Realidade chega antes da reforma trabalhista

Os números falam por si mesmos e escancaram uma realidade. A reforma trabalhista que o governo de Luiz Inácio Lula da Silva promete para o próximo ano e que está sendo objeto de estudos por parte de uma comissão de sábios, já foi feita na prática. Por incúria de sucessivos governos, incapazes de perceber que a globalização mudou as relações trabalhistas a partir do início da década de 90, estamos agora correndo atrás de um fato consumado, na tentativa de ajustar a legislação trabalhista a uma reforma que a sociedade já fez.

Diante das dificuldades desencadeadas por um longo período de baixíssimo crescimento econômico e premidas pela insustentável carga tributária (36,5% do PIB), as empresas buscaram caminhos alternativos para fugir dos encargos sociais oriundos do registro em carteira. Resultado: o mercado de trabalho piorou, com o aumento da informalidade e a retração da renda mensal dos trabalhadores.

Essa realidade pode ser facilmente constatada com uma breve análise dos últimos números divulgados pelo IBGE. A taxa de desemprego se manteve estável em setembro (12,9%, contra 13% em agosto), mas aumentou 1,4 ponto percentual em relação a setembro de 2002, quando estava em 11,5%. No mesmo período, o número de pessoas ocupadas subiu 4,3%, o que, traduzido, re-presenta a criação de 772 mil novos postos de trabalho. Os números seriam contraditórios se não mostrassem a nova situação: desses novos postos, nada menos que 92,8% (716 mil) são sem registro em carteira de trabalho. Essa nova realidade, aliada à inflação do período, também fez despencar a renda dos trabalhadores – 14,6% em relação a setembro de 2002.

De uma vez por todas, é preciso enfrentar a nova realidade e flexibilizar a legislação. Chegamos a um ponto em que somente o governo e alguns sindicatos não percebem que a sociedade em geral – empregados e empregadores – urgem por mudanças imediatas, visando a uma verdadeira reforma trabalhista. Esta não deverá estar focada na perda de direitos trabalhistas, mas na liberdade de contratação, com o fortalecimento da terceirização e revogação imediata de um Enunciado do Tribunal Superior do Trabalho, que “veda” a terceirização em atividades fins das empresas.

O número de reclamações trabalhistas demonstra de forma clara que a sociedade está por si só fazendo a reforma trabalhista, mas de maneira desordenada, sem observar alguns direitos básicos do ser humano. Torna-se necessário proteger a integridade física dos trabalhadores, a saúde, o descanso, as normas de segurança. No trabalho informal, o governo deixa de arrecadar a contribuição previdenciária (INSS) e com isso acaba tendo mais prejuízo.

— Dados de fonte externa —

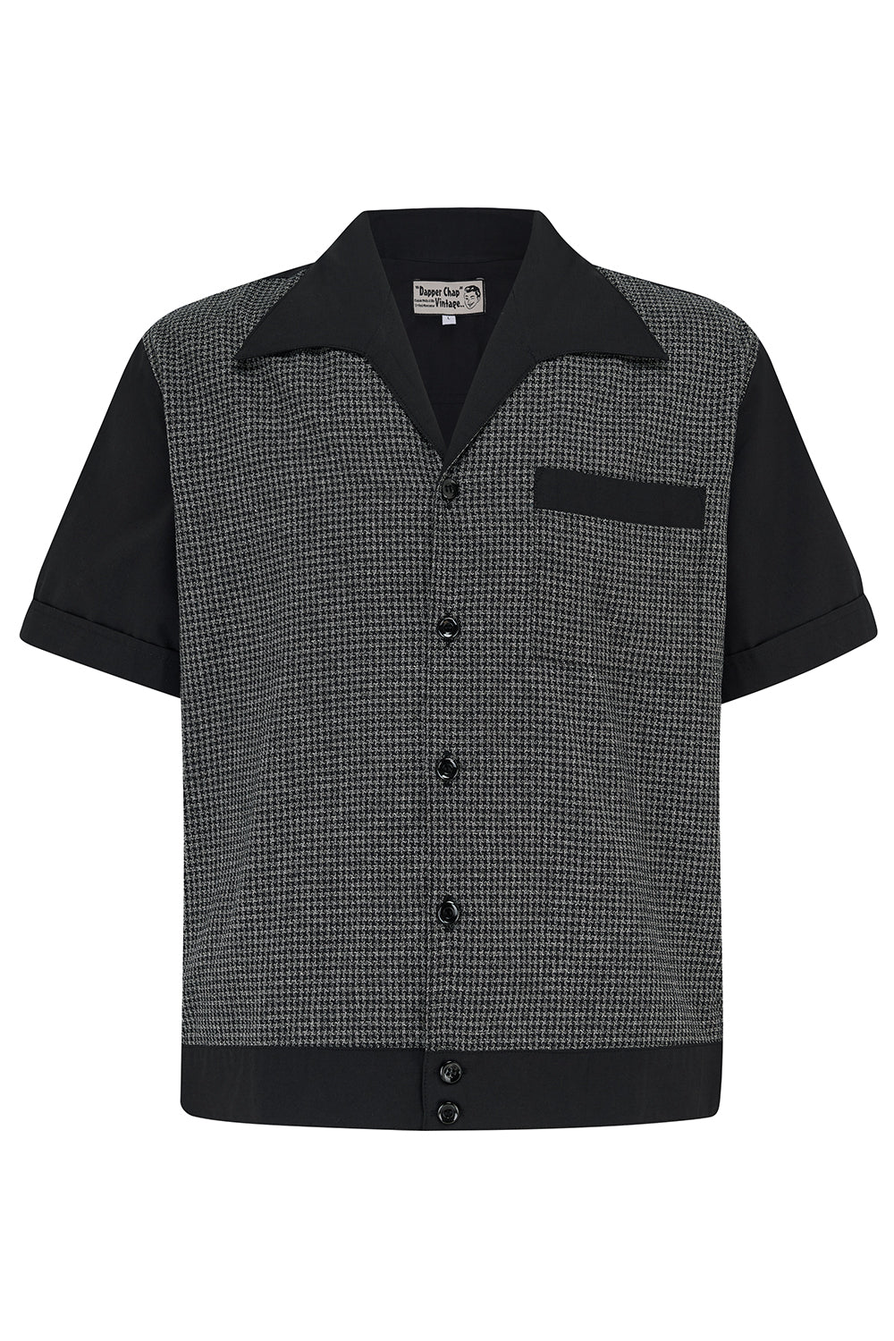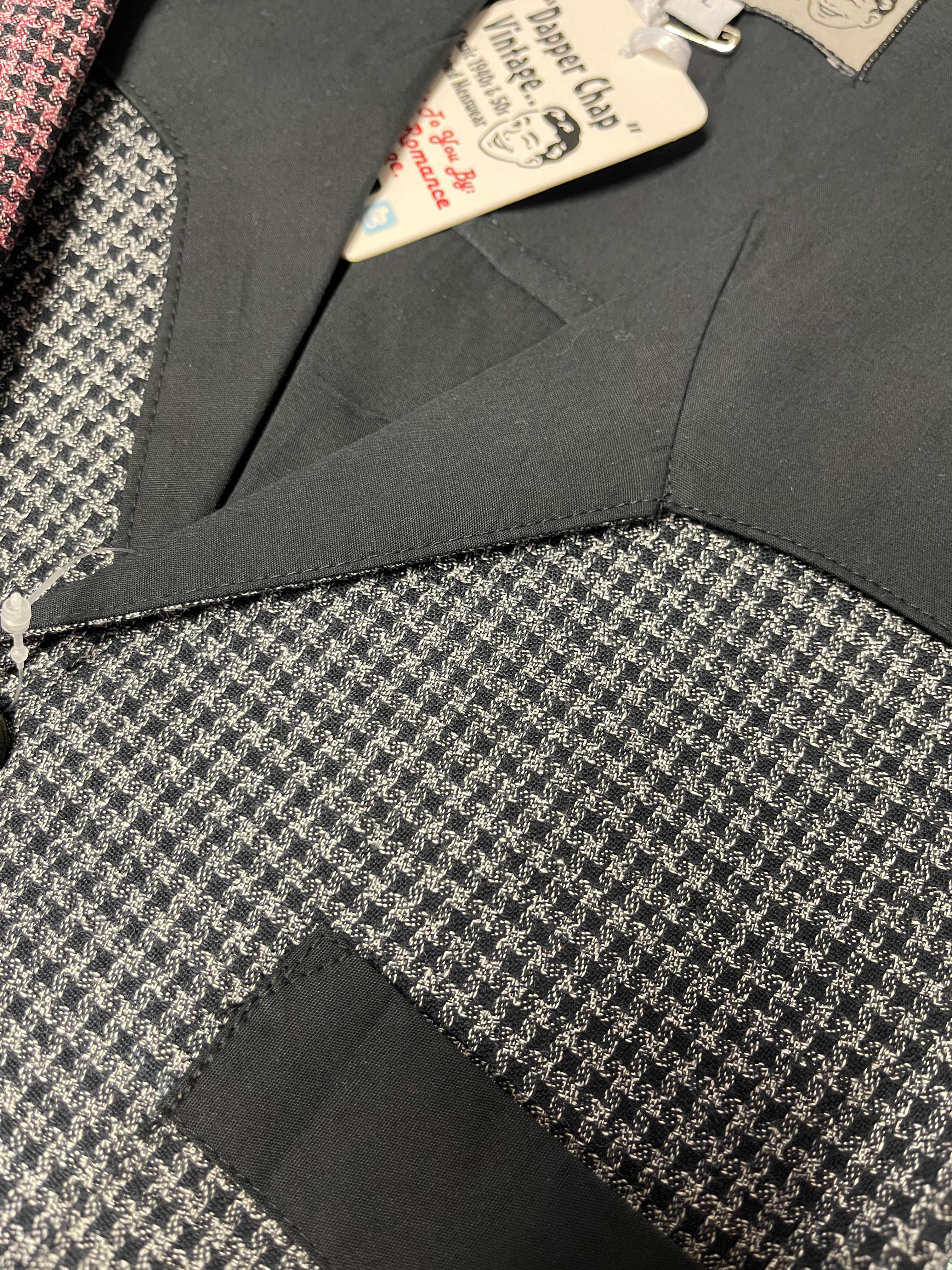 A classic 1950s Rockabilly / Rock'n'Roll shirt made in a fabulous micro houndstooth lightweight cotton weave, Hip Buttons and upper back yoke pleats for great detail and extra shoulder room when dancing.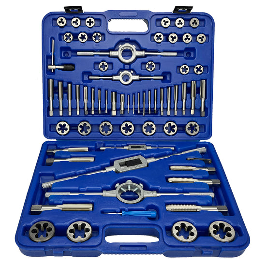 64 Piece NC NF HSS Round Tap and Die Set (#4 - 1) with 1 - 2 OD Round Dies and Handles

Precisamos entender que a sociedade mudou e já flexibilizou diretamente as relações de trabalho. Agora, cabe ao governo e ao legislador, mediante a edição de novas leis, adequar a nova realidade, já em vigor. Os trabalhadores urbanos estão cada vez mais buscando se agrupar em cooperativas para arregimentar trabalho, aumentar a renda e pagar o justo a título de tributos e encargos sociais.

Portanto, governo, Ministério do Trabalho, Ministério Público do Trabalho e a própria Justiça do Trabalho precisam estar atentos para as mudanças que a sociedade já promoveu. Não existem mais postos de trabalho com registro em carteira de trabalho. Então, torna-se necessária a regulamentação dessa nova realidade.

O aspecto social precisa estar na frente do aspecto legal. Permitir que trabalhadores e empresas tenham maior liberdade de contratação, observando patamares mínimos de segurança, levará à diminuição do desemprego e da pobreza. A sociedade está farta de reformas alheias à realidade e, na maioria das vezes, voltadas a engordar os orçamentos dos governos de plantão.

Alvaro Trevisioli

é advogado especialista em Direito do Trabalho, consultor sobre cooperativismo, em São Paulo.